Task instructions
Retype only the lines that run from the top of the material below to the line bearing "[경남도민뉴스=나희준 기자] 밀양시는", inclusive, and keep the pictures out.

Information supplied

----

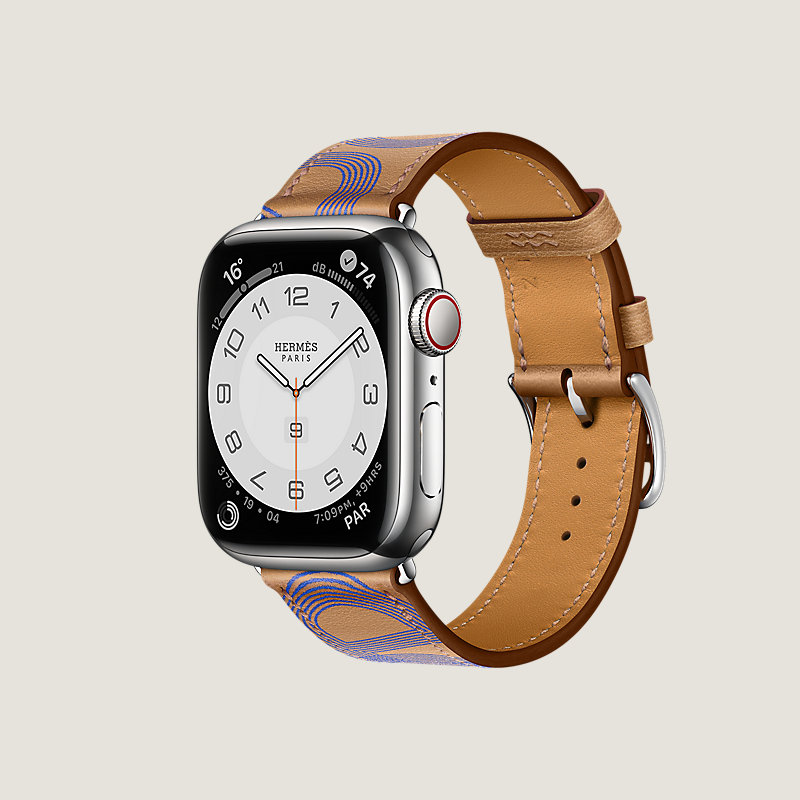 Apple Watch Hermes Series 7 case in stainless steel 41 mm & Single tour band in Biscuit/Bleu Electrique Swift calfskin, "Circuit 24" print
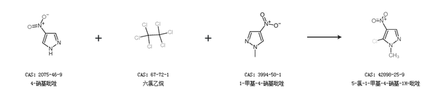 2.通过4-硝基吡唑、六氯乙烷和1-甲基-4-硝基吡唑合成5-氯-1-甲基-4-硝基-1H-吡唑
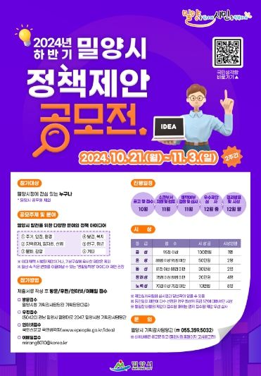 [경남도민뉴스=나희준 기자] 밀양시는 창의적이고 실용적인 아이디어를 시정에 반영하기 위해 다음 달 3일까지‘2024년 하반기 밀양시 정책 제안 공모전’을 실시한다고 밝혔다.
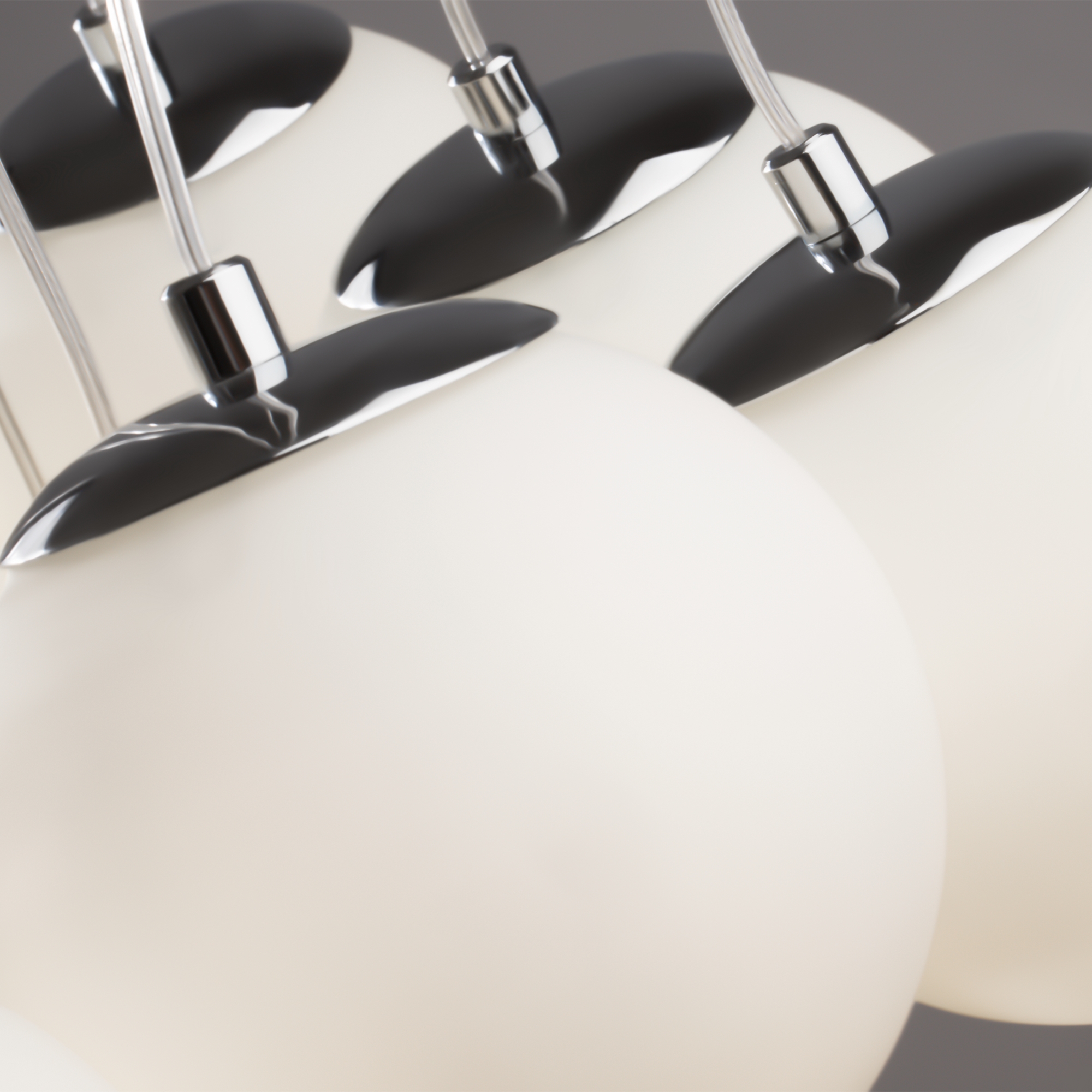 Материал арматуры — металл, цвет — хром/латунь. Подвесные светильники c цоколями E14/E27/G9. Белые стеклянные плафоны с рисунком в виде космических планет крепятся на тонких тросах, которые регулируются по высоте, создавая эффект парящих облаков.

----

Written answer
 Apple Watch Hermes Series 7 case in stainless steel 41 mm & Single tour band in Biscuit/Bleu Electrique Swift calfskin, "Circuit 24" print
 2.通过4-硝基吡唑、六氯乙烷和1-甲基-4-硝基吡唑合成5-氯-1-甲基-4-硝基-1H-吡唑
 [경남도민뉴스=나희준 기자] 밀양시는 창의적이고 실용적인 아이디어를 시정에 반영하기 위해 다음 달 3일까지‘2024년 하반기 밀양시 정책 제안 공모전’을 실시한다고 밝혔다.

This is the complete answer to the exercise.